▸ Your assignment:
The line with "首先家長(zhǎng)要了解" and each line following it, up to the final line of the data, should be set down exactly; pictures stay out.

▸ Exercise inputs:
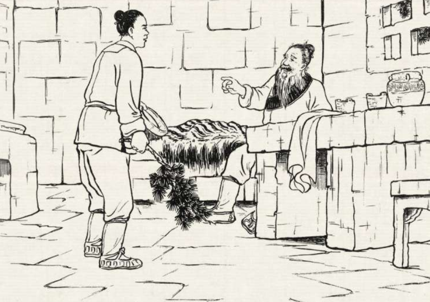 这一日,长生在山上砍柴,看见树下躺着一个老乞丐。衣衫破烂,枯瘦如柴,饿得只有出气没有出气。
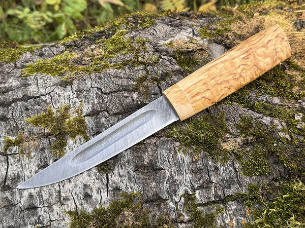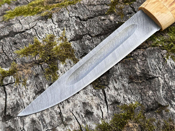 Обожаю якутские ножи, поэтому не смог устоять перед соблазном заказать и якута из дамасской стали. Красивый узор с отличной асимметричной заточкой, линза и дол не оставят равнодушным ни одного охотника. Пользуюсь с радостью и удовольствием. Спасибо вам!
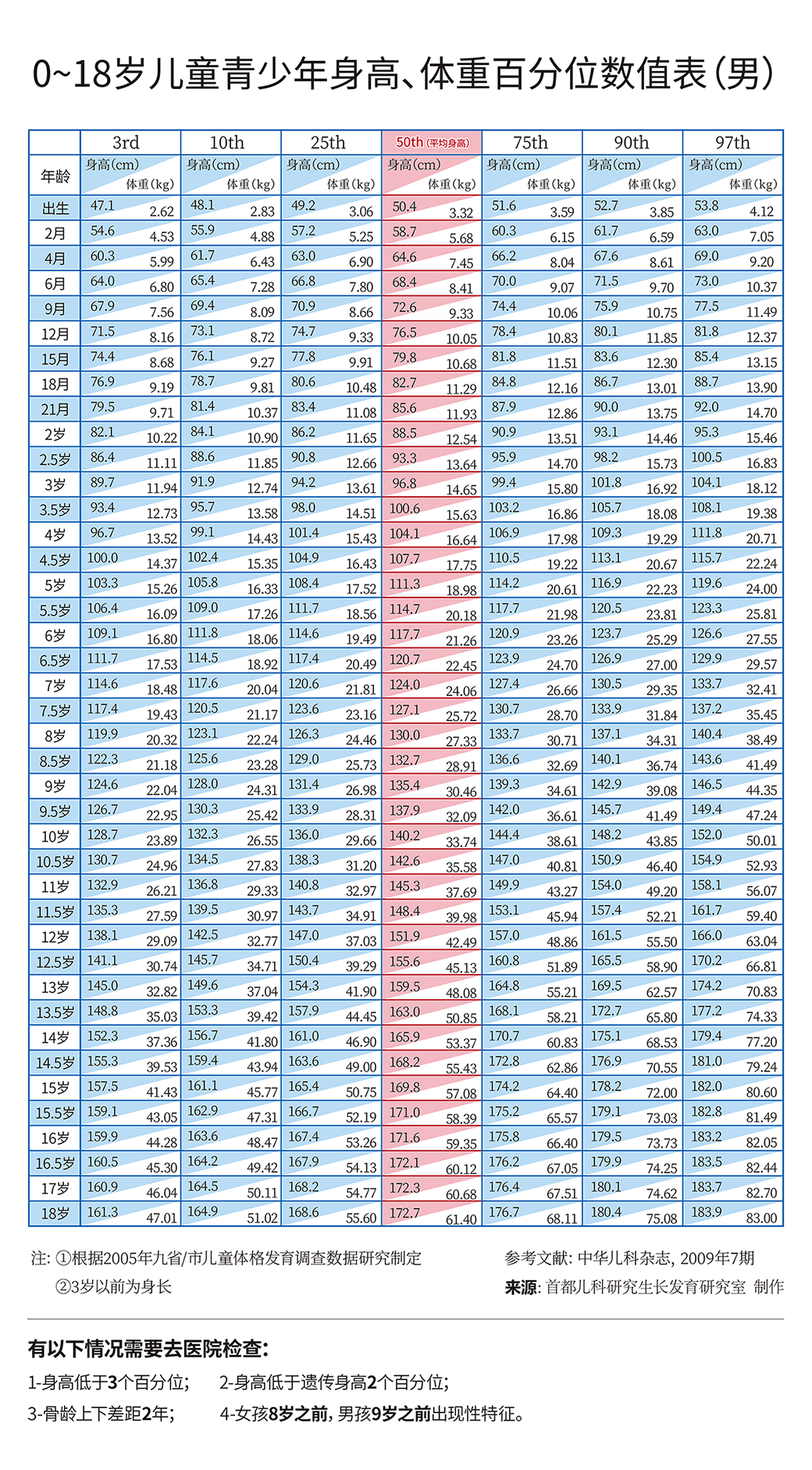 首先家長(zhǎng)要了解您的孩子目前身高是否正常,可以通過(guò)下表自測(cè):
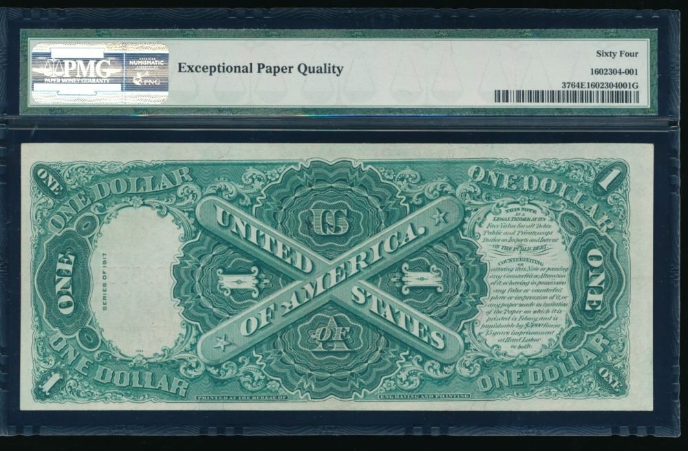 One 1917 $1 Legal Tender Note PMG 64EPQ.
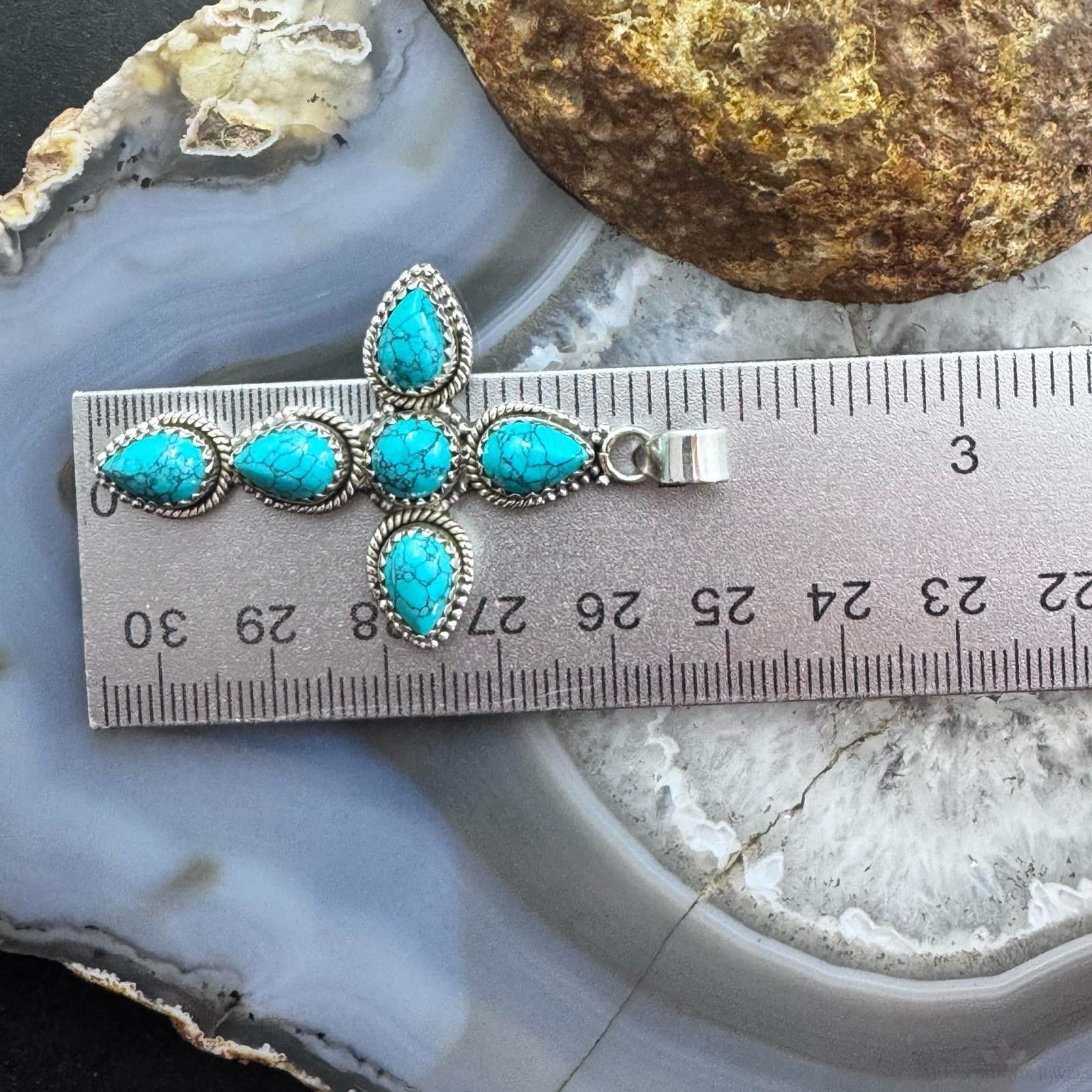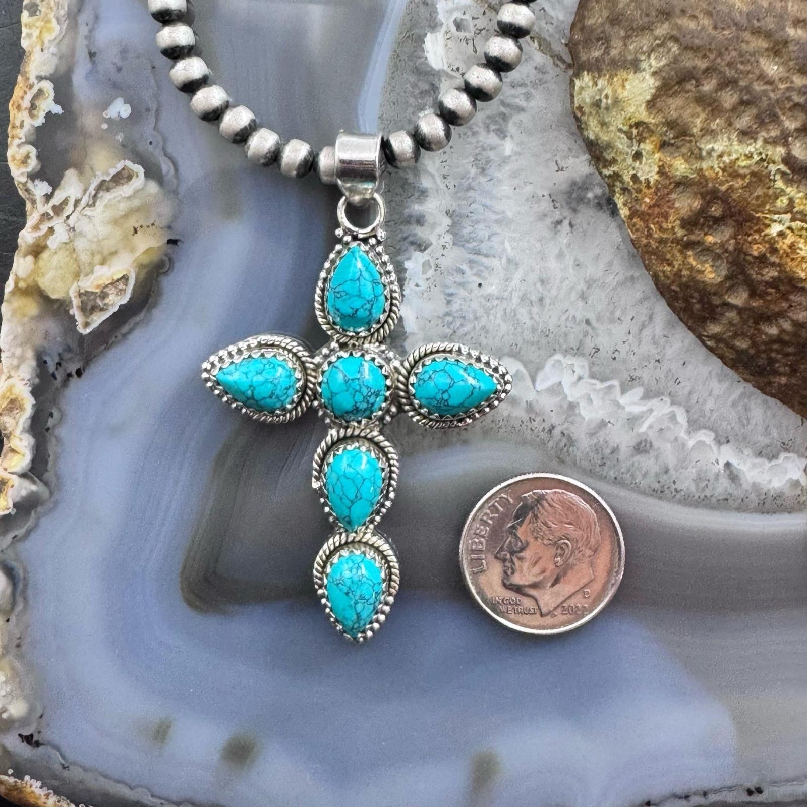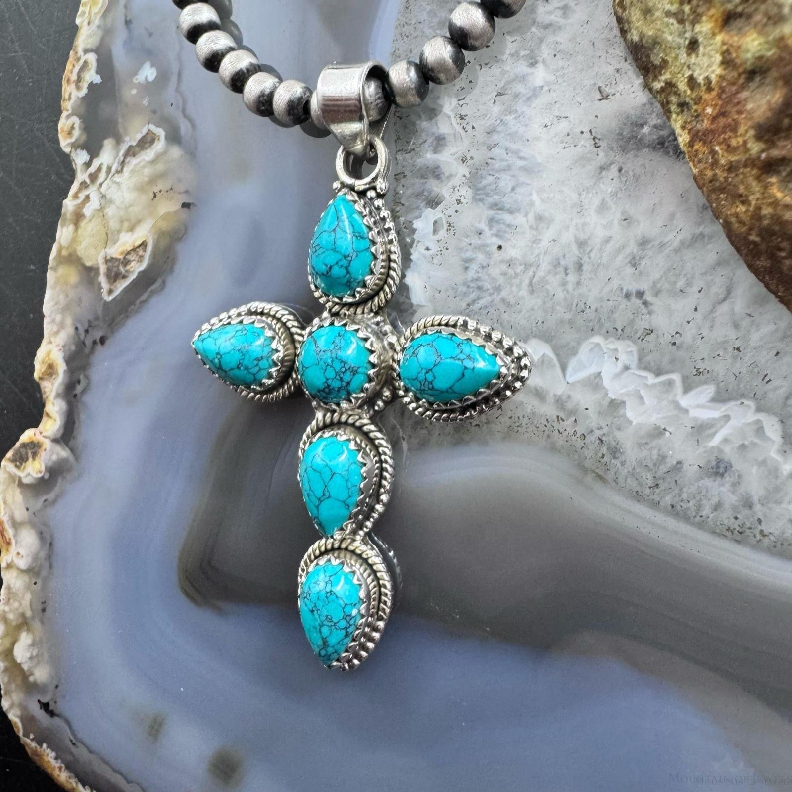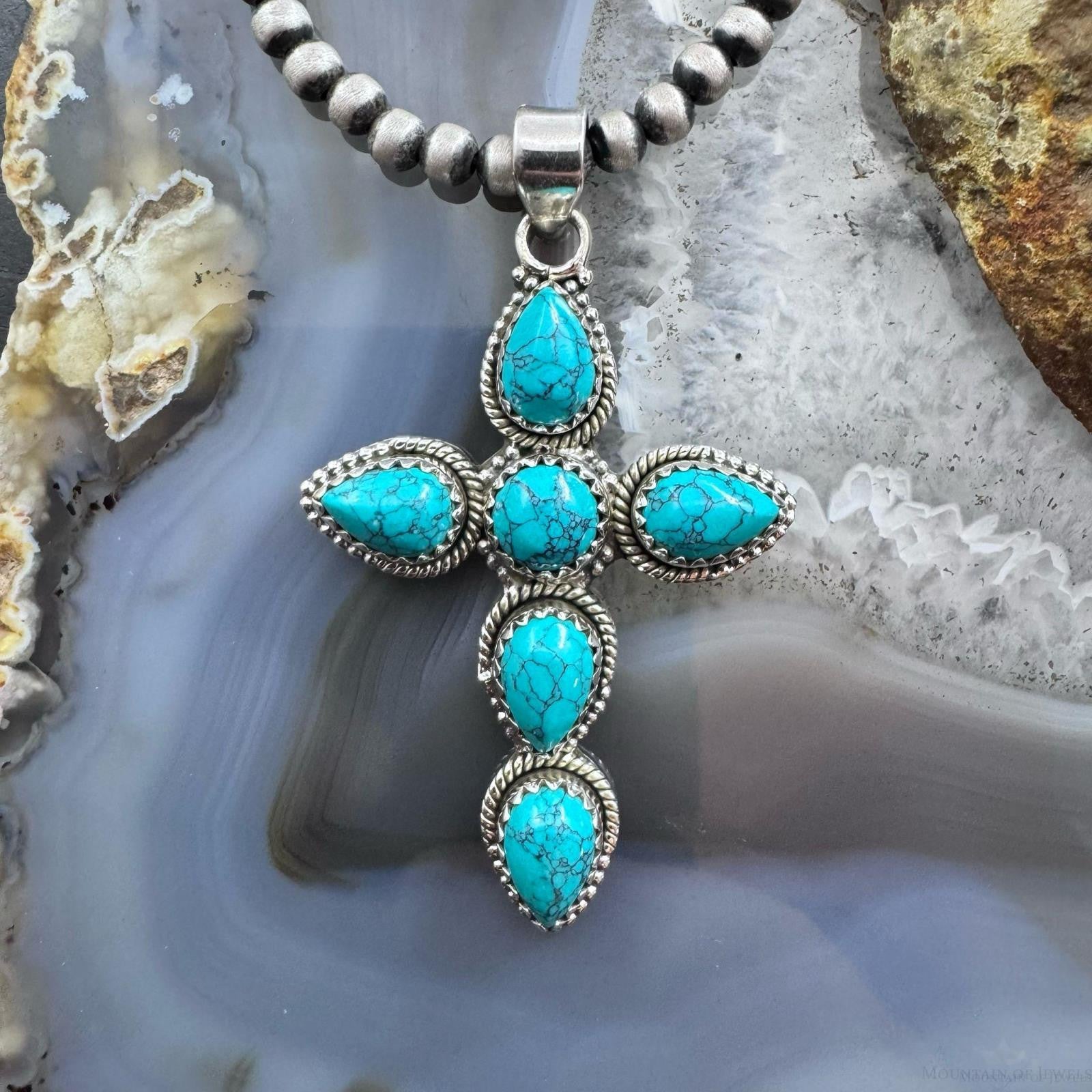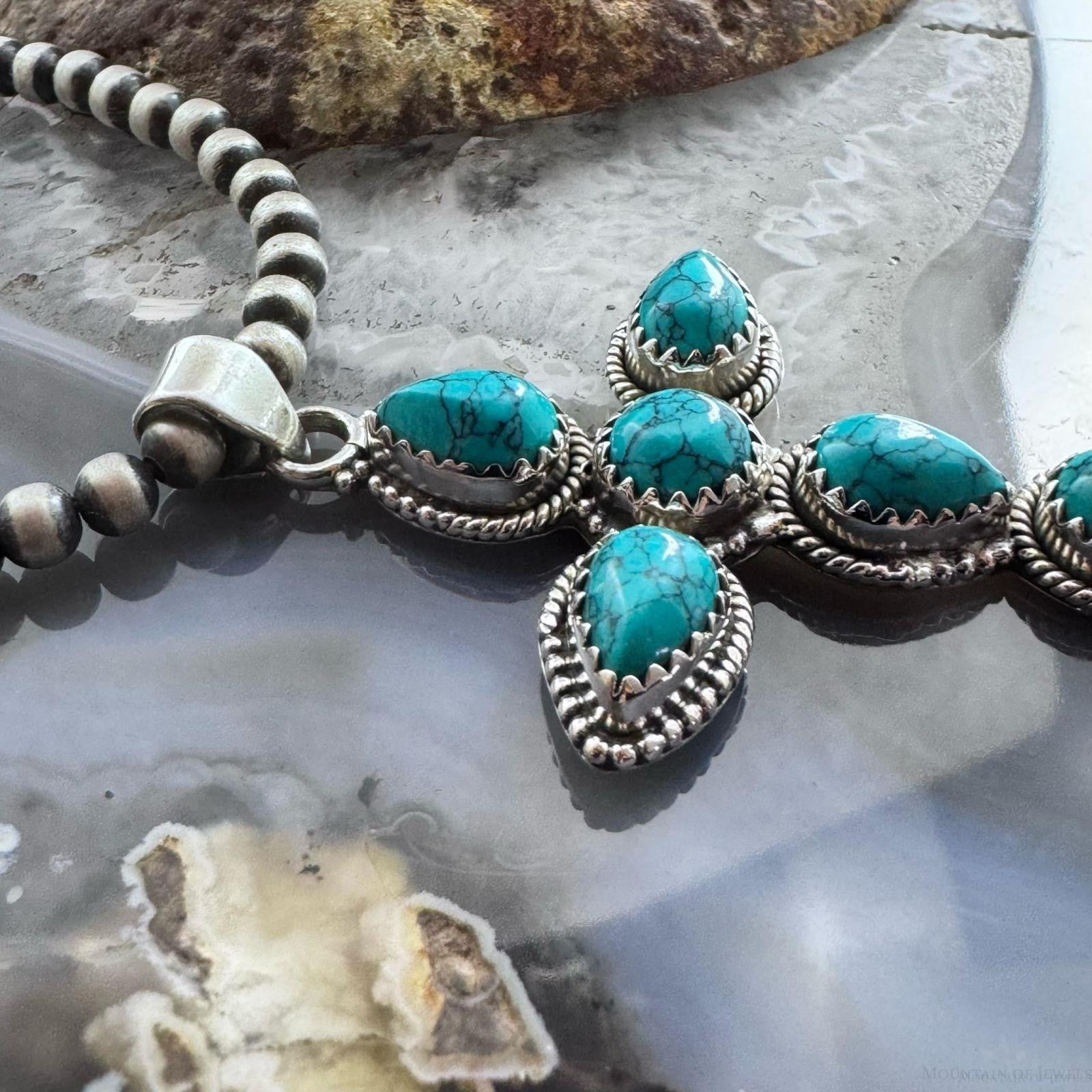 Sterling Silver Southwestern Style 6 Green Howlite Decorated Cross Pendant For Women

▸ Answer below:
 首先家長(zhǎng)要了解您的孩子目前身高是否正常,可以通過(guò)下表自測(cè):
 One 1917 $1 Legal Tender Note PMG 64EPQ.
 Sterling Silver Southwestern Style 6 Green Howlite Decorated Cross Pendant For Women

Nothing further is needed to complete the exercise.